Now when people ask about my PICC, such as, "What is that for?", I explain that I have PH and I have it for my medications. Often people don't realize that it runs 24/7 until I explain how the drug works. I always tell them it is a lifestyle that I have just gotten used. Then they always say, "But you don't look sick, you look awesome, you just look normal". In someways that is a blessing and a curse. Sometimes people just don't understand that I am just too tired to do stuff. Sometimes people just don't understand that I don't feel well enough to even go to work in the morning. But I make it happen. I drag myself up, crawl my way into the office and make it happen. I think having my job and forcing myself to get up and go, having a commitment to meet and to be held accountable for something, has forced me to live a more "normal" life. It pushes me not to think about "why me?" but to think of ways of saving up my paycheck to go on my next excursion or even buying property. I don't just sit around and watch TV day after day. I work to earn my money, when I can easily go on disability.

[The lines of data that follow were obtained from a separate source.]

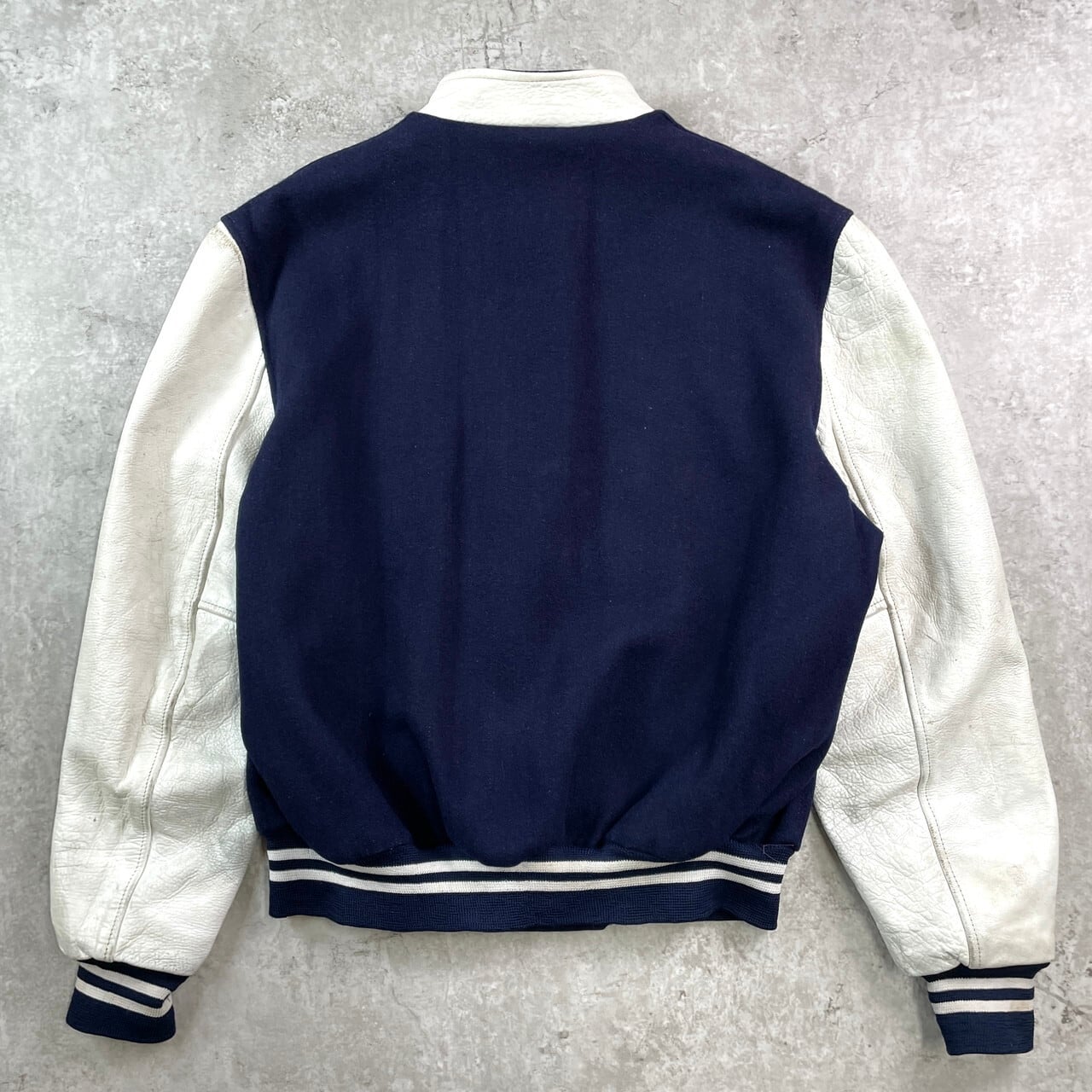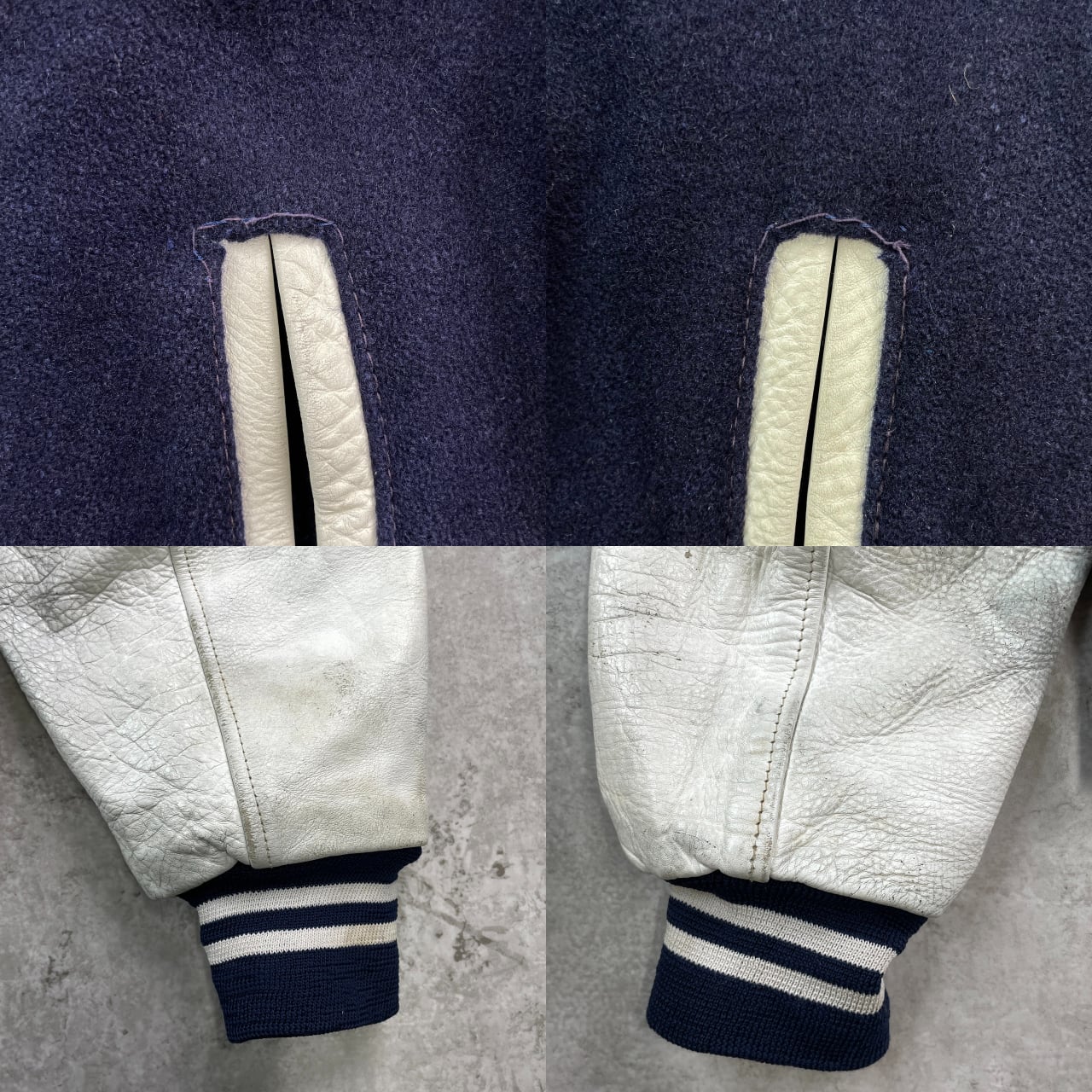 ■スタンドカラー 袖革 ウールスタジャン メンズL相当 古着 スタジアムジャケット アワードジャケット 立ち襟 ダークネイビー ホワイト 白【ブルゾン・ジャケット】/ネイビー 【サイズ】 表記 不明(着用感メンズL相当) モデル身長172cm ※計測値をご確認ください。 着丈…68 身幅…68 肩幅…53 袖丈…67 【生産国】不明 【素材】不明 【状態】袖や袖リブなどに汚れがございます。 画像にてご確認ください。 【c251115007】 ※古着は洗濯、検品などのケアを行っております。(新品・デッドストックは洗濯していません。) ※モニターの発色により実物と異なる場合がございます。予めご了承ください。 ※ 海外直輸入USED品になります。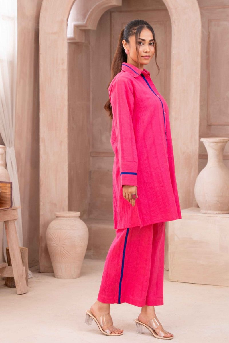 Pink Ocean co-ord design with a beautiful western look. This collared shirt has blue piping running across the side of the shirt down to the hem of the baggy trousers that go along with it.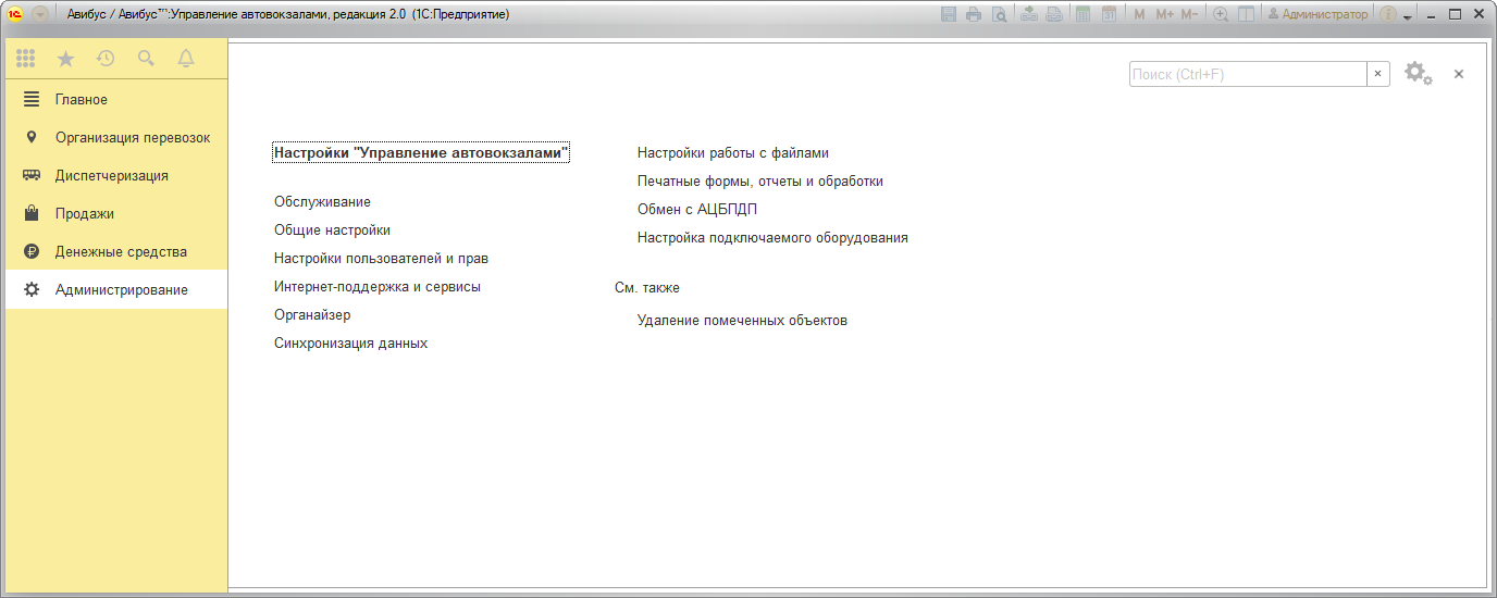 «Авибус: Управление автовокзалами» – это система автоматизации деятельности автовокзалов и автостанций, разработанная на базе платформы «1С:Предприятие 8.3». Программа позволяет комплексно автоматизировать работу кассиров, диспетчеров, отдела расписания, агентов по продаже билетов, бухгалтерии и руководства автовокзала.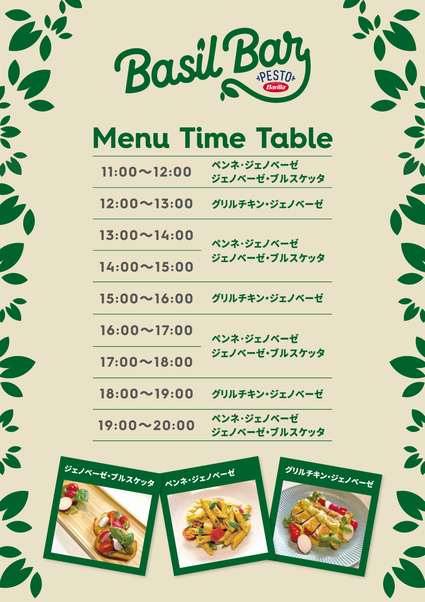 100%イタリア産バジルとパルミジャーノ・レッジャーノを使用した「ペースト ジェノベーゼ」を使った3種類の試食メニューをお楽しみいただけます。
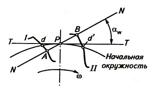 (рисунок 1), а в конце зацепления – положение II. При этом АВ – рабочая линия зацепления.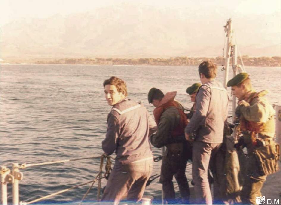 . Janvier 1974. CALVI. Embarquement de légionnaires du 2ème REP (2ème Régiment Etranger Parachutistes). .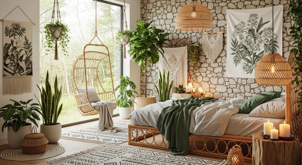 Bring nature inside with rattan furniture, stone accents, and neutral tones. A large window or natural light completes the earthy vibe.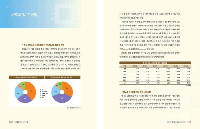 2014³â Àü ¼¼°è ¹ÝµµÃ¼ »ê¾÷ ±Ô¸ð´Â 3330¾ï ´Þ·¯·Î Àü³â ´ëºñ 9% ¼ºÀåÇÑ °ÍÀ¸·Î º¸ÀδÙ. ¹ÝµµÃ¼ »ê¾÷ÀÇ °æ±â »ó½ÂÀº 2013³â ÇϹݱâºÎÅÍ ½ÃÀ۵Ǿú´Âµ¥, 2015³â¿¡µµ ȣȲÀÌ Áö¼ÓµÉ °ÍÀ¸·Î ¿¹»óÇÑ´Ù. 2014³â »ê¾÷ °æ±â°¡ ÁÁ¾Ò´ø ÀÌÀ¯´Â Àü¹æ ½ÃÀå ±¸Á¶¿¡ º¯È°¡ ÀÖ¾ú°í ÃÖ±Ù ¸î ³â°£ Á¦Ç° °¡°ÝÀÌ Æò±ÕÀûÀ¸·Î ÀλóµÇ¾ú±â ¶§¹®ÀÌ´Ù. ½º¸¶Æ®ÆùÀ¸·Î ´ëÇ¥µÇ´Â Åë½ÅÀåºñ ¼ö¿ä´Â ÀÌ¹Ì PC ½ÃÀåÀ» ÃʰúÇß´Ù. 2008~2013³â »çÀÌ ½Å±Ô »ý»ê·® Áõ°¡°¡ ÀûÀº °Í ¿ª½Ã ¼ö±Þ °³¼±¿¡ Å« ÈûÀÌ µÇ¾ú´Ù. Èï¾÷Áõ±Ç¿¡ µû¸£¸é 2015³â Àü ¼¼°è ¹ÝµµÃ¼ »ê¾÷ ±Ô¸ð´Â 3560¾ï ´Þ·¯·Î Àü³â ´ëºñ 7%°¡ ´Ã °ÍÀ¸·Î ¿¹ÃøµÈ´Ù.(Áß·«) »þ¿À¹Ì¿Í ·¹³ëº¸, È¿þÀÌ µî Áß±¹ 3´ë ½º¸¶Æ®Æù ºê·£µåÀÇ Àü ¼¼°è ½ÃÀåÁ¡À¯À²Àº ¾à 15%À̸ç ÄðÆÐµå, ZTE(ÁßÈïÅë½Å) µîÀÇ ±âŸ ºê·£µå±îÁö ÇÕÄ¡¸é ÀÌ ¼öÄ¡´Â 25%¸¦ ³Ñ´Â´Ù.(132~135ÂÊ)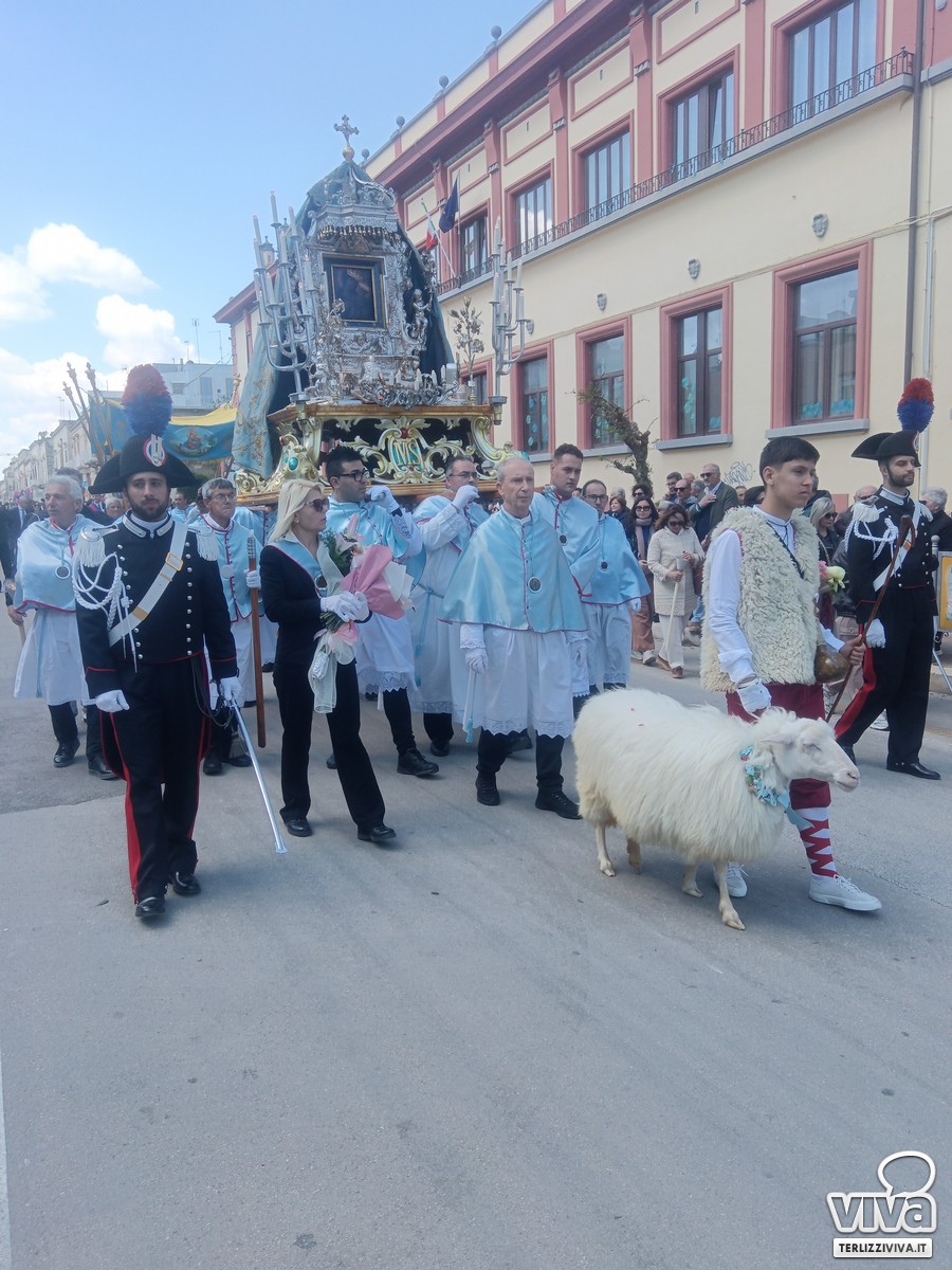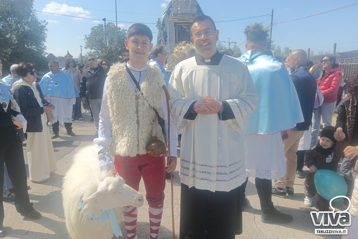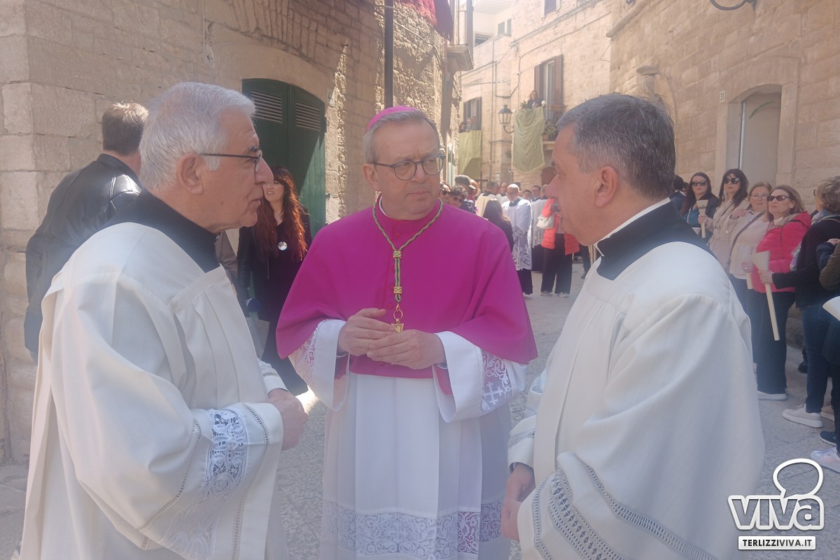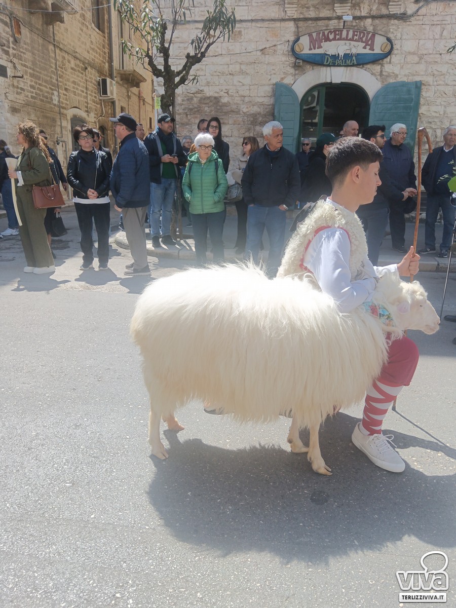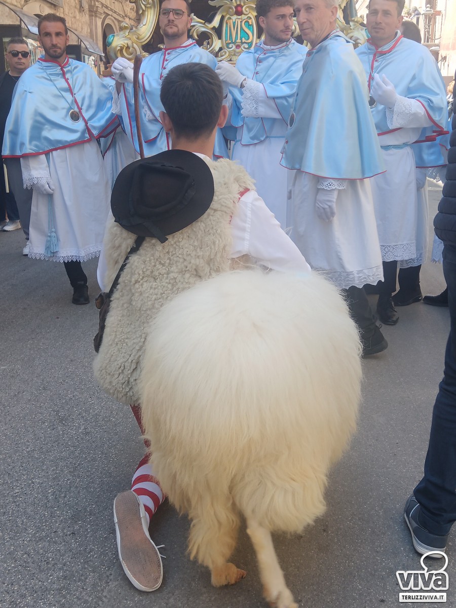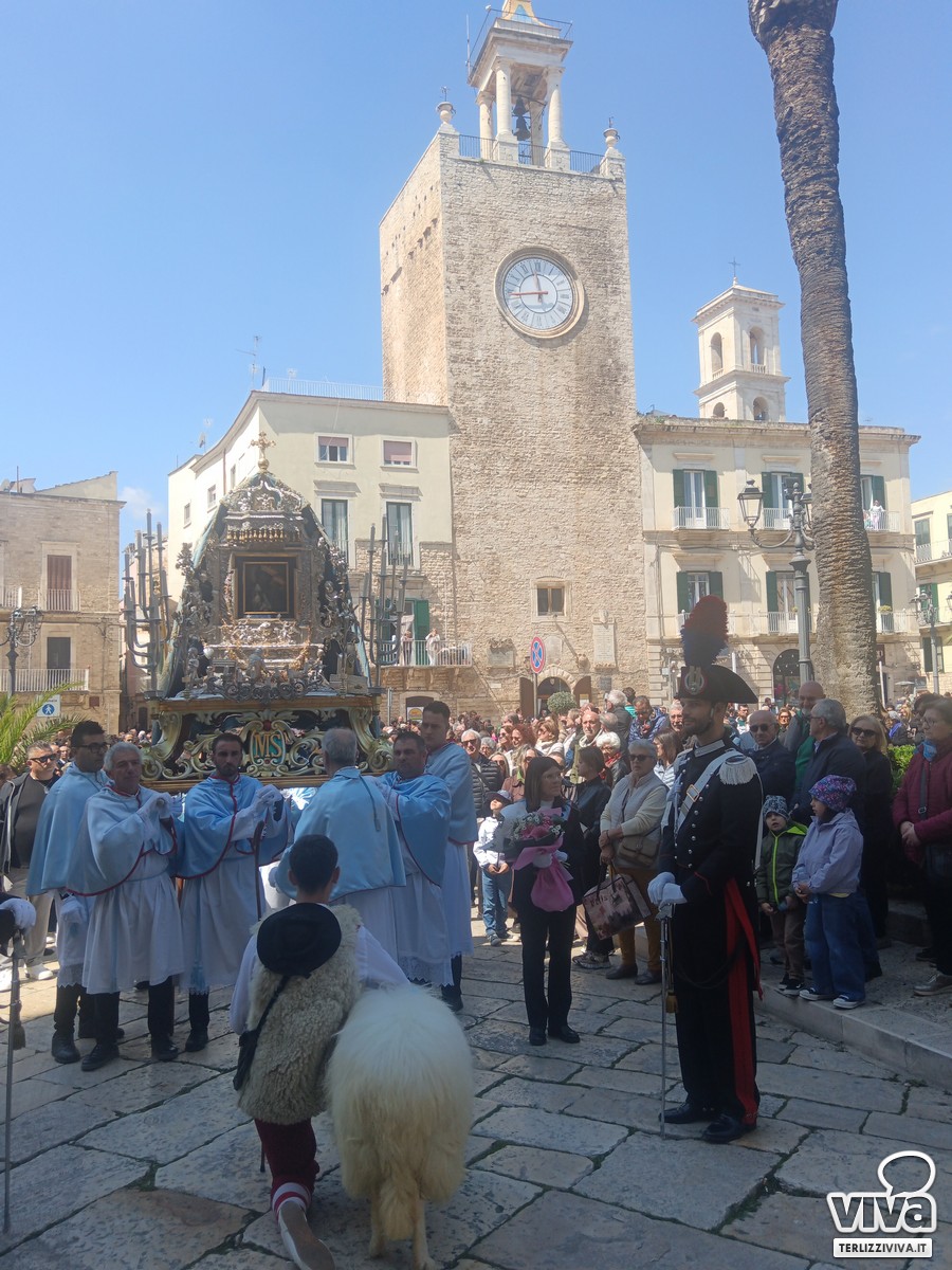 La processione per le vie di Terlizzi, che ha portato dalla Concattedrale di San Michele Arcangelo alla chiesa della vecchia Santa Maria della Stella è partita dopo il pontificale presieduto da S.E. Mons. Domenico Basile. Due ali di folla si sono aperte al suo passaggio, con la pecorella Pace, simbolo della leggenda che racconta il culto mariano a Terlizzi, insieme al pastorello, ad aprire il corteo processionale.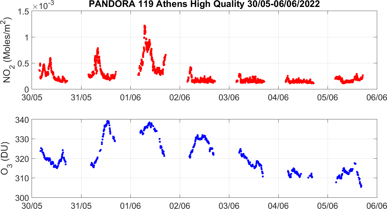 Weekly NO2 & O3 timeseries from 30/05/2022 to 06/06/2022

And I think this motivation to go to work, to be held accountable for something is what has actually made me healthier. I don't dwell on my illness but focus on other things that make me happy, like having a purpose in this world. I feel great and I believe I look physically better than I did 5 years ago. Even though I have PH, I believe all of my patience, reconditioning, and determination is what has gotten me to this point in my treatment and caused many to respond by saying, "But you don't look sick...".

Sunday, November 1, 2009

November 1st, 2009: Day One of PH Awareness Month

Pulmonary Hypertension Awareness month has finally arrived!! In my adventures of spreading the word of Pulmonary Hypertension through Facebook, Twitter, Myspace, Blogger, etc. I have met numerous PHers, caretakers of PHers, friends of PHers, parents of PHers, brothers and sisters of PHers, grandchildren of PHers, and even just supporters of pulmonary hypertension awareness. I am up to over 900 PH PHriends on Facebook and it has been truly inspiring to hear other's journeys with PH and how they still persevere today no matter what step of the journey they are in; newly diagnosed, early treatment, stable, treatment decline, pre-transplant, post-transplant.

Over the past year, we as a PH community have lost some close PHriends who's battle with PH has surely ended too soon. But we must keep them in our PHighting spirit and hearts, during this year's awareness month, as well as all of the rest of the months in the year, while we wait patiently for a cure to this disease that has touched all of us, one way or another.

As a small part of my dedication to PH awareness this month, I will post articles, links, stories, and any other PH news in this blog as I come across it. I will also be writing about my journey with Pulmonary Hypertension and how I have come to this part of my diagnosis.

And on that note, I wish all my PHriends out there a healthy month of November and a successful PH awareness month. Keep blogging and spreading awareness about PH!